Finally, the Exchange believes that it
is subject to significant competitive
forces, as described below in the
Exchange’s statement regarding the
burden on competition.
For the foregoing reasons, the
Exchange believes that the proposal is
consistent with the Act.
B. Self-Regulatory Organization’s
Statement on Burden on Competition
In accordance with Section 6(b)(8) of
the Act, the Exchange does not believe
that the proposed rule change would
impose any burden on competition that
is not necessary or appropriate in
furtherance of the purposes of the Act.
Instead, as discussed above, the
Exchange believes that the proposed
changes would encourage the
submission of additional liquidity to a
public exchange, thereby promoting
market depth, price discovery and
transparency and enhancing order
execution opportunities for all market
participants.
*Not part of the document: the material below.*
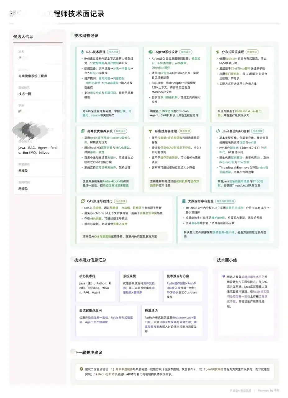 这时候你会发现一个很残酷的事情,面试时那些具体的追问、你卡壳的瞬间、面试官的表情变化,全都模糊了。你只记得一个大概的感觉,「好像聊了八股」「好像项目被追问了」「好像最后反问环节有点尬」。

As a result, the Exchange
believes that the proposed changes
further the Commission’s goal in
adopting Regulation NMS of fostering
integrated competition among orders,
which promotes ‘‘more efficient pricing
of individual stocks for all types of
orders, large and small.’’ 18
Intramarket Competition. The
proposed change is designed to
continue to attract increased and diverse
order flow to the Exchange by offering
competitive credits and rebates, which
may increase the volume of contracts
traded on the Exchange. Specifically,
the Exchange believes the proposed rule
change, by specifying requirements in
auction, Customer Electronic, and
Professional Electronic volume, would
incent ATP Holders to participate in a
variety of types of executions on the
Exchange to qualify for the Complex
CUBE Rebate, Customer Credit, and
Initiating Participant Credit. To the
extent that this purpose is achieved, all
of the Exchange’s market participants
should benefit from the improved
market liquidity. Enhanced market
quality and increased transaction
volume resulting from the anticipated
increase in order flow directed to the
18 See
Reg NMS Adopting Release, supra note 14,
at 37499.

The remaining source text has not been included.